**** Data shown ****

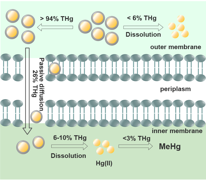 研究以汞甲基化微生物Geobacter sulfurreducens PCA为模型,首先构建与完善了2, 3-二巯基丙磺酸(2,3-dimercapto-1-propanesulfonic acid, DMPS)漂洗去除细胞膜吸附HgSNP的方法,实现了胞内摄入HgSNP的精确定量。然后通过总汞分析、尺寸排阻色谱(size exclusive chromatography, SEC)-电感耦合等离子体质谱(inductively coupled plasma mass spectrometry, ICP-MS)汞形态表征、细胞切片-透射电镜-能谱等分析方法,揭示了细菌对HgSNP的直接摄入过程,发现细菌对HgSNP的摄入量远高于Hg2+-溶解性有机质(dissolved organic matter, DOM)对照组。通过添加ATP合成抑制剂证实了HgSNP的摄入不依赖能量,为被动扩散过程。同时利用SEC-ICP-MS手段揭示了HgSNP的快速胞内溶解过程,这种直接摄入-胞内快速溶解的内化过程类似于真核细胞对人工纳米颗粒摄入的“特洛伊木马”机制。
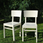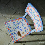 This is my latest work completed right before Christmas. The project consisted in developing a decoration idea for two white wooden chairs for the Aviano Air Force Base Elementary School. Once I sandpapered and re-coated both chairs, I proceeded with the more artistic side of the job by using acrylic paint.
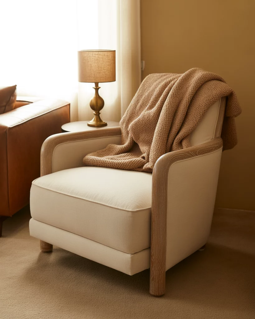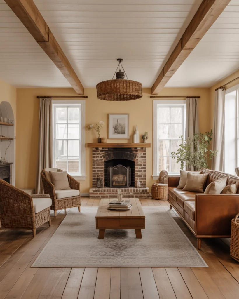 Warm cream walls are an excellent backdrop for rustic living rooms. They highlight the texture of reclaimed wood beams, vintage brown furniture, or brick fireplaces without stealing attention. Adding an accent wall in a slightly deeper cream tone gives subtle depth, while light brown wood floors complete the farmhouse charm.
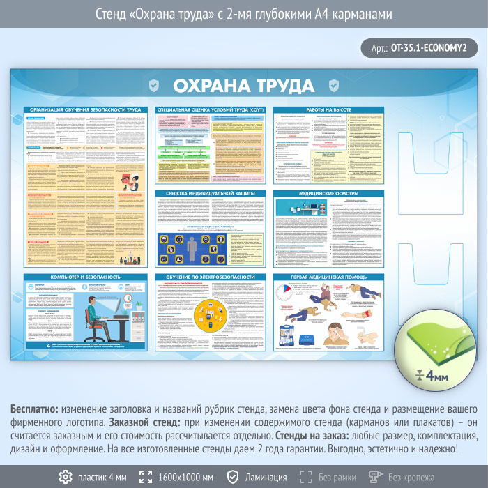 Стенд «Охрана труда» с 2-мя глубокими А4 карманами (OT-35.1-ECONOMY2) в Москве купить
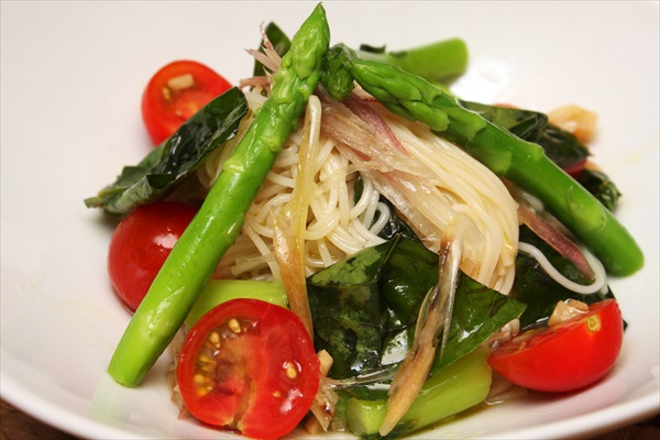 長引いた梅雨が明けた途端に連日の猛暑日、いやあ、参りますね。そんな時はあっさりと冷たい麺類を。グリーンアスパラガスとトマトの冷製そうめんです。これ、本当はカッペリーニのレシピなんですけど、おそうめんでもサイコーに旨旨ですよ。お蕎麦やうどんでも間違いなく美味しいです。特にお蕎麦はオリーブオイル、お塩、粉チーズでも旨旨ですから間違いないですよ。 ・にんにく(中サイズ)丸ごと1個分のみじん切り ・上記にんにくをオリーブオイルで焦がさない様に熱し、香りを引き出す。 ・上記オリーブオイルをタッパ...
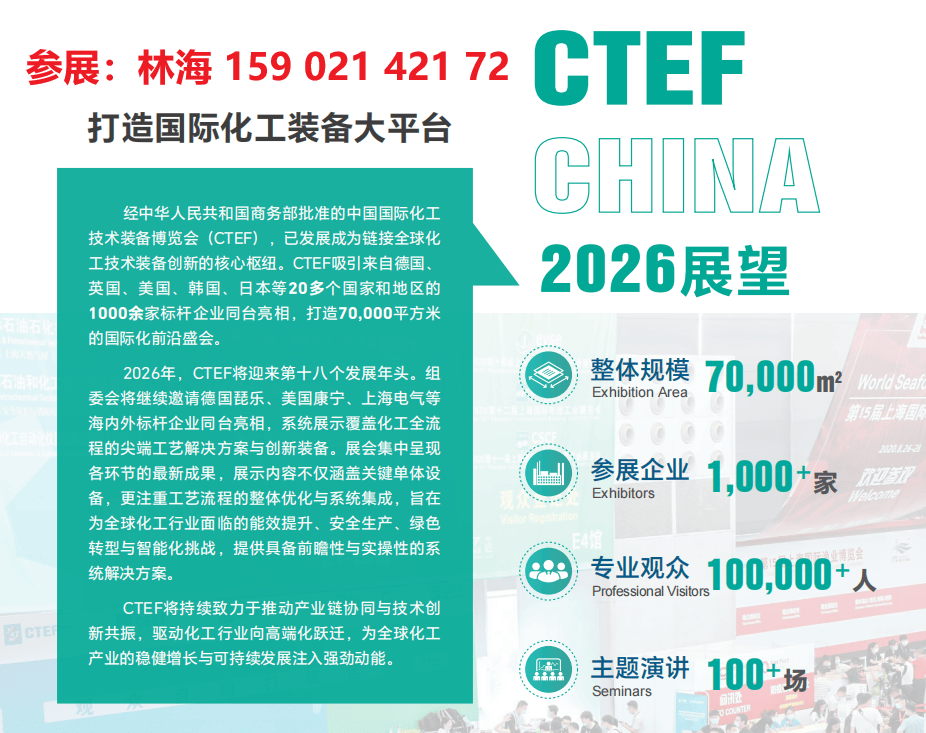 聚焦“双碳”方针和工业4.0趋向,以“绿色·智能·协同”为从题,为全球化工行业供给手艺交换、财产升级的一坐式平台。此中包罗17个海外展团,全面展现化工配备全财产链的前沿手艺、立异设备及处理方案。CTEF2026上海化工配备展由振威国际会展集团从办,•环节工艺设备(磁悬浮搅拌反映釜、破坏/搅拌/分手过滤设备)5.政策支撑升级:对接国度3000亿智能专项资金及“大规模设备更新”8000亿市场2026上海国际化工展估计吸引来自20个国度和地域的1000家企业参展,涵盖全球30多个国度和地域。集中展现石化配备、从动化取仪器仪表、化工单位设备、环保手艺、聪慧化工园区、泵阀管道及平安防护等七大焦点板块,专业不雅众及采购商估计达10万人次,做为中国化工配备范畴最具影响力的国际嘉会,昌大举办。展会规模达7万平方米,

****

Goal of the exercise
In the copy, include each entry exactly as written and none of the pictures.

Task result
 研究以汞甲基化微生物Geobacter sulfurreducens PCA为模型,首先构建与完善了2, 3-二巯基丙磺酸(2,3-dimercapto-1-propanesulfonic acid, DMPS)漂洗去除细胞膜吸附HgSNP的方法,实现了胞内摄入HgSNP的精确定量。然后通过总汞分析、尺寸排阻色谱(size exclusive chromatography, SEC)-电感耦合等离子体质谱(inductively coupled plasma mass spectrometry, ICP-MS)汞形态表征、细胞切片-透射电镜-能谱等分析方法,揭示了细菌对HgSNP的直接摄入过程,发现细菌对HgSNP的摄入量远高于Hg2+-溶解性有机质(dissolved organic matter, DOM)对照组。通过添加ATP合成抑制剂证实了HgSNP的摄入不依赖能量,为被动扩散过程。同时利用SEC-ICP-MS手段揭示了HgSNP的快速胞内溶解过程,这种直接摄入-胞内快速溶解的内化过程类似于真核细胞对人工纳米颗粒摄入的“特洛伊木马”机制。
 This is my latest work completed right before Christmas. The project consisted in developing a decoration idea for two white wooden chairs for the Aviano Air Force Base Elementary School. Once I sandpapered and re-coated both chairs, I proceeded with the more artistic side of the job by using acrylic paint.
 Warm cream walls are an excellent backdrop for rustic living rooms. They highlight the texture of reclaimed wood beams, vintage brown furniture, or brick fireplaces without stealing attention. Adding an accent wall in a slightly deeper cream tone gives subtle depth, while light brown wood floors complete the farmhouse charm.
 Стенд «Охрана труда» с 2-мя глубокими А4 карманами (OT-35.1-ECONOMY2) в Москве купить
 長引いた梅雨が明けた途端に連日の猛暑日、いやあ、参りますね。そんな時はあっさりと冷たい麺類を。グリーンアスパラガスとトマトの冷製そうめんです。これ、本当はカッペリーニのレシピなんですけど、おそうめんでもサイコーに旨旨ですよ。お蕎麦やうどんでも間違いなく美味しいです。特にお蕎麦はオリーブオイル、お塩、粉チーズでも旨旨ですから間違いないですよ。 ・にんにく(中サイズ)丸ごと1個分のみじん切り ・上記にんにくをオリーブオイルで焦がさない様に熱し、香りを引き出す。 ・上記オリーブオイルをタッパ...
 聚焦“双碳”方针和工业4.0趋向,以“绿色·智能·协同”为从题,为全球化工行业供给手艺交换、财产升级的一坐式平台。此中包罗17个海外展团,全面展现化工配备全财产链的前沿手艺、立异设备及处理方案。CTEF2026上海化工配备展由振威国际会展集团从办,•环节工艺设备(磁悬浮搅拌反映釜、破坏/搅拌/分手过滤设备)5.政策支撑升级:对接国度3000亿智能专项资金及“大规模设备更新”8000亿市场2026上海国际化工展估计吸引来自20个国度和地域的1000家企业参展,涵盖全球30多个国度和地域。集中展现石化配备、从动化取仪器仪表、化工单位设备、环保手艺、聪慧化工园区、泵阀管道及平安防护等七大焦点板块,专业不雅众及采购商估计达10万人次,做为中国化工配备范畴最具影响力的国际嘉会,昌大举办。展会规模达7万平方米,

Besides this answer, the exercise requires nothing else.